Stored value can be anything unsigned. Units should be specified when declared.
*/
typedef uint32_t axes_uint32_t[AXIS_COUNT];
/**
\typedef axes_int32_t
\brief n-dimensional vector used to describe int32_t axis information.
Stored value can be anything unsigned. Units should be specified when declared.
*/
typedef int32_t axes_int32_t[AXIS_COUNT];
/**
\struct TARGET
\brief target is simply a point in space/time
X, Y, Z and E are in micrometers unless explcitely stated. F is in mm/min.
*/
typedef struct {
axes_int32_t axis;
uint32_t F;
uint8_t e_relative :1; ///< bool: e axis relative? Overrides all_relative
} TARGET;
/**
\struct MOVE_STATE
\brief this struct is made for tracking the current state of the movement
Parts of this struct are initialised only once per reboot, so make sure dda_step() leaves them with a value compatible to begin a new movement at the end of the movement. Other parts are filled in by dda_start().
*/
typedef struct {
// bresenham counters
axes_int32_t counter; ///< counter for total_steps vs each axis
// step counters
axes_uint32_t steps; ///< number of steps on each axis
#ifdef ACCELERATION_RAMPING
/// counts actual steps done
uint32_t step_no;
#endif
#ifdef ACCELERATION_TEMPORAL
axes_uint32_t time; ///< time of the last step on each axis
uint32_t last_time; ///< time of the last step of any axis
#endif
/// Endstop handling.
uint8_t endstop_stop; ///< Stop due to endstop trigger
uint8_t debounce_count_x, debounce_count_y, debounce_count_z;
} MOVE_STATE;
/**
\struct DDA
\brief this is a digital differential analyser data struct
This struct holds all the details of an individual multi-axis move, including pre-calculated acceleration data.

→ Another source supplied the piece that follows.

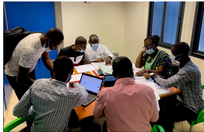
Agboville district data desk review meeting facilitated by PMM.

This struct is filled in by dda_create(), called from enqueue(), called mostly from gcode_process() and from a few other places too (eg \file homing.c)
*/
typedef struct {
/// this is where we should finish
TARGET endpoint;
union {
struct {
// status fields
uint8_t nullmove :1; ///< bool: no axes move, maybe we wait for temperatures or change speed
uint8_t live :1; ///< bool: this DDA is running and still has steps to do
uint8_t done :1; ///< bool: this DDA is done.
#ifdef ACCELERATION_REPRAP
uint8_t accel :1; ///< bool: speed changes during this move, run accel code
#endif
// wait for temperature to stabilise flag
uint8_t waitfor_temp :1; ///< bool: wait for temperatures to reach their set values
// directions
// As we have muldiv() now, overflows became much less an issue and
// it's likely time to get rid of these flags and use int instead of
// uint for distance/speed calculations. --Traumflug 2014-07-04
uint8_t x_direction :1; ///< direction flag for X axis
uint8_t y_direction :1; ///< direction flag for Y axis
uint8_t z_direction :1; ///< direction flag for Z axis
uint8_t e_direction :1; ///< direction flag for E axis
};
uint16_t allflags; ///< used for clearing all flags
};
// distances
axes_uint32_t delta; ///< number of steps on each axis
// uint8_t fast_axis; (see below)
uint32_t total_steps; ///< steps of the "fast" axis
uint32_t fast_um; ///< movement length of this fast axis
uint32_t fast_spm; ///< steps per meter of the fast axis
uint32_t c; ///< time until next step, 24.8 fixed point
#ifdef ACCELERATION_REPRAP
uint32_t end_c; ///< time between 2nd last step and last step
#endif
#ifdef ACCELERATION_RAMPING
/// precalculated step time offset variable
int32_t n;
/// number of steps accelerating
uint32_t rampup_steps;
/// number of last step before decelerating
uint32_t rampdown_steps;
/// 24.8 fixed point timer value, maximum speed
uint32_t c_min;
#ifdef LOOKAHEAD
// With the look-ahead functionality, it is possible to retain physical
// movement between G1 moves. These variables keep track of the entry and
// exit speeds between moves.
uint32_t distance;
uint32_t crossF;
// These two are based on the "fast" axis, the axis with the most steps.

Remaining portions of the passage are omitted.